It’s not every day that a NASCAR team owner publicly apologizes for an error he made, especially in a large forum such as Twitter.
But give BK Racing minority owner Anthony Marlowe credit for making a classy move at righting his wrong by offering exclusively to MotorSportsTalk a heartfelt apology and explanation for his inadvertent actions.
First, the back story:
Marlowe inadvertently tweeted congratulations Tuesday night to his young driver, Cole Whitt, for accepting a ride for 2015 with Front Row Motorsports, replacing David Ragan, who had been in that ride the past three seasons.
Marlowe and Whitt had both joined BK Racing earlier this past season as minority investor and driver, respectively, after Swan Racing shut its doors less than 10 races into the 2014 campaign.
There was only one problem with Marlowe’s tweet, however: FRM issued media statements Wednesday that Whitt replacing Ragan was incorrect and that the organization fully expected the Unadilla, Georgia native back in the No. 34 Ford Fusion in 2015.
Here is Marlowe’s entire statement to MotorSportsTalk:
“I did not intend for it to make national news,” Marlowe said of his original tweet. “Aside from it being smart alecky, it was just a tweet congratulating a friend, and current supplier of driver services on his ride for next year.
“We could have had someone else drive the 26 car this year at BKR, but my new partners and I felt (Whitt) deserved a full season after his past NASCAR teams were not committed to him for the long term, along with his auspicious start to the 2014 season. That mission was accomplished.
“Additionally, we offered Cole (and it has been on the table since July) a multi-year option contract in the Cup series. Needless to say, I wish he would have stuck around and built this franchise with us over the years, but he obviously has and/or somehow created a better opportunity somewhere else.”
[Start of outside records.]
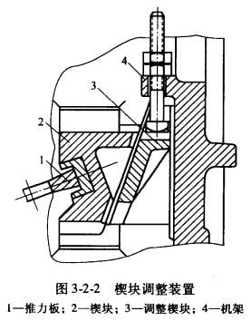 (2)楔块调整。借助后推力板支座与机架后壁之间的两个楔块的相对移动来实现破碎机排矿口的调整(图3-2-2)。转动螺栓上的螺帽,使调整楔块3沿着机架4的后壁做上升或下降移动,带动前楔块2向前或向后移动;从而推动报力板或动领,以达到排矿口调整的目的。此法可以达到无级调整,调整方便,节省时间,不必停车调整,但增加了机器的尺寸和质量。中、小型额式破碎机常常采用这种调整装置。
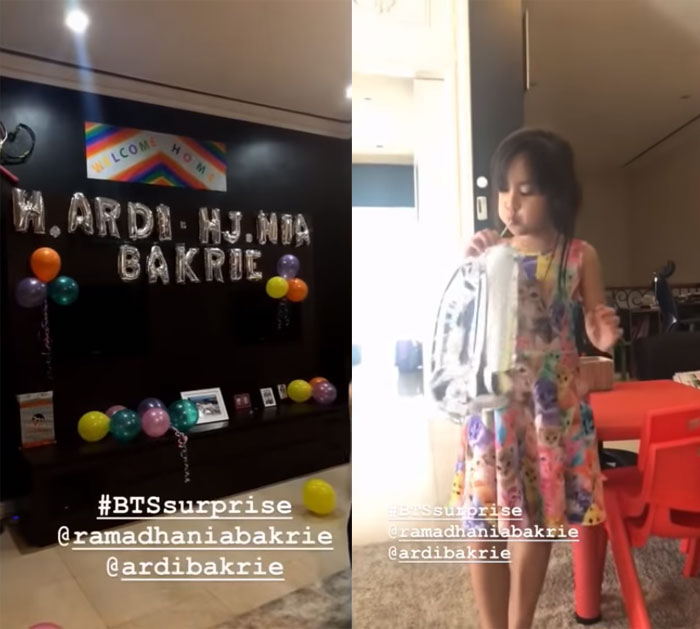 Dibalik pesta kecil menyambut kedatangan Nia dan Ardi, rupanya putri sulung mereka, Mikhayla turut serta menyiapkan kejutan, loh. Gadis kecil itu ikut sibuk meniup balon foil.
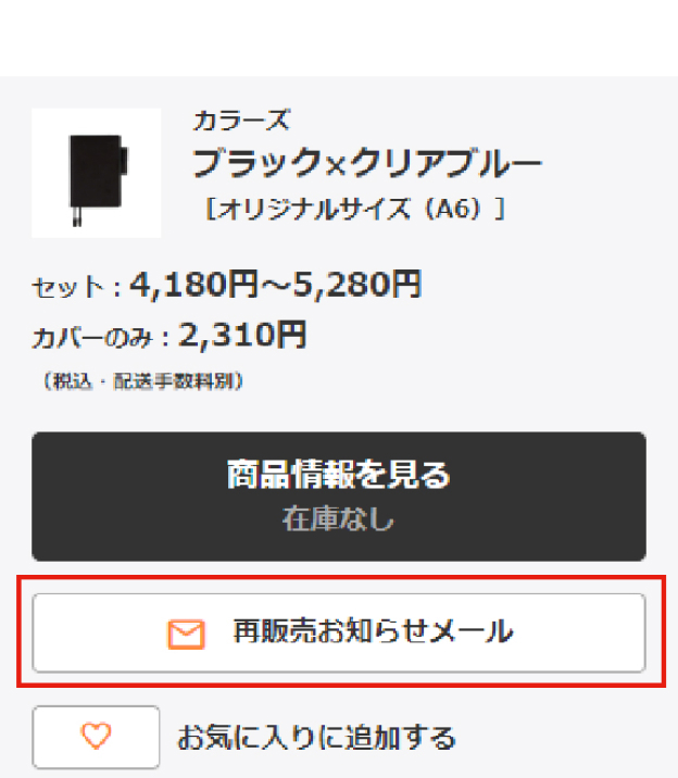 ※こちらは手帳のみのサービスです。文房具や雑貨といった商品には再販売お知らせメールはありません。
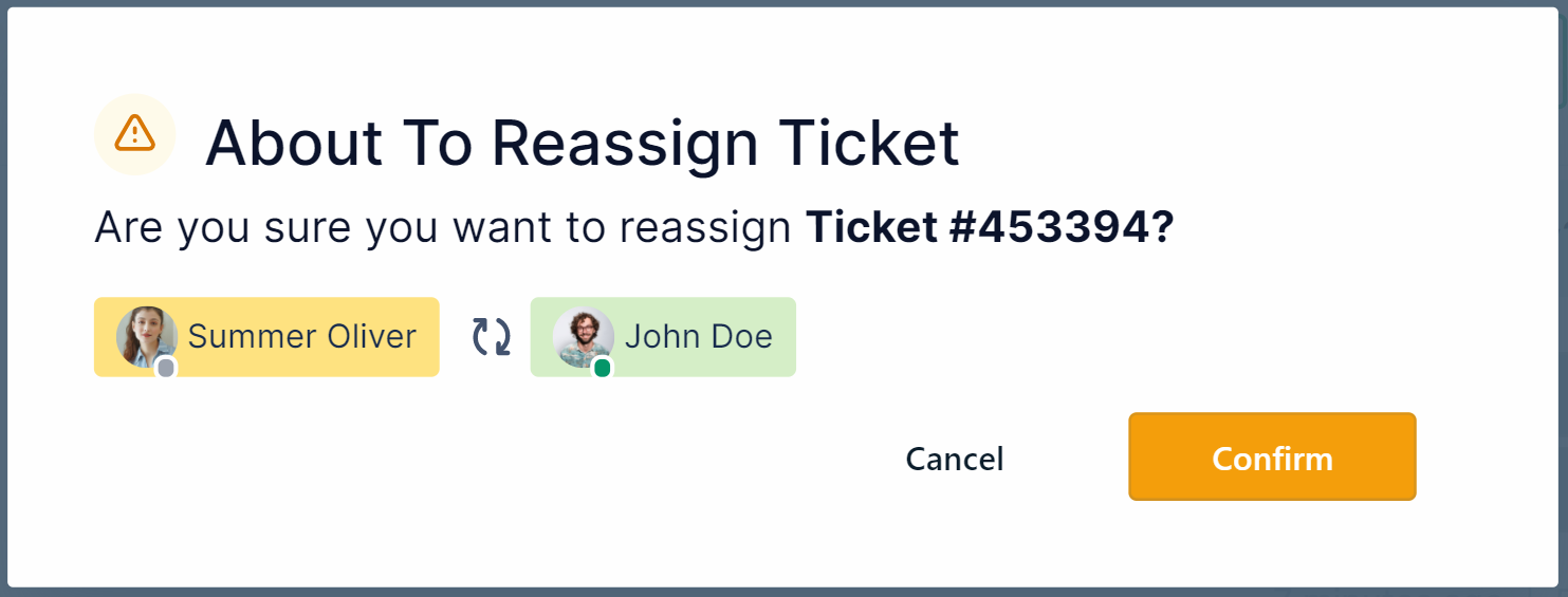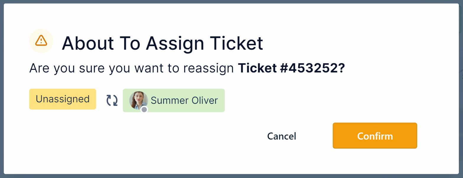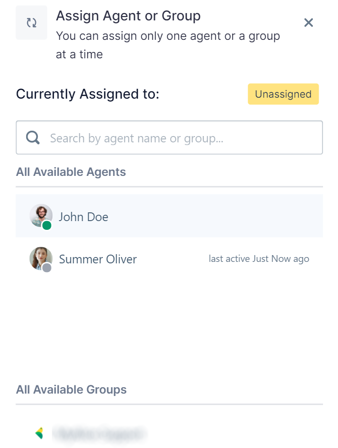 3. Choose the desired agent/group from the search results, and select Confirm to assign the ticket accordingly.

On David Ragan / The number:
“I should have left the number 34 out of it (the tweet). Although I am fairly confident based on my multiple sources that he (Whitt) is going to Front Row, not all of those sources have been so sure it is the 34 car.
“Regardless if time tells us any of this is true or not, I feel like I owe David Ragan an apology. He is a Cup winner and seemingly great guy. I sincerely regret him being pulled into this.”
What tipped me off (that Whitt was leaving):
“What tipped me off that Cole was going to Ford was Cole himself on the radio at the Texas Chase race. He said something along the lines of Front Row’s Ford’s being gnarly coming off the corner.
“I was confused, since we were on the lead lap racing for a top 25 finish, and FRM was 6 laps down racing for 35th. The following Monday morning, I asked a few people questions, and a pattern started to emerge. Our teams had heard rumblings in the garage in the weeks prior, but when guys from the Front Row shop start talking to other owners about it being imminent days after Homestead, it becomes hard not to believe at this point.”
On 2015 for BKR / NASCAR:
“Putting my investor hat on, which at the end of the day is all I am, I think what people don’t understand is that I am attracted to BK Racing much more than other teams because it kind of resembles a social media startup, for example.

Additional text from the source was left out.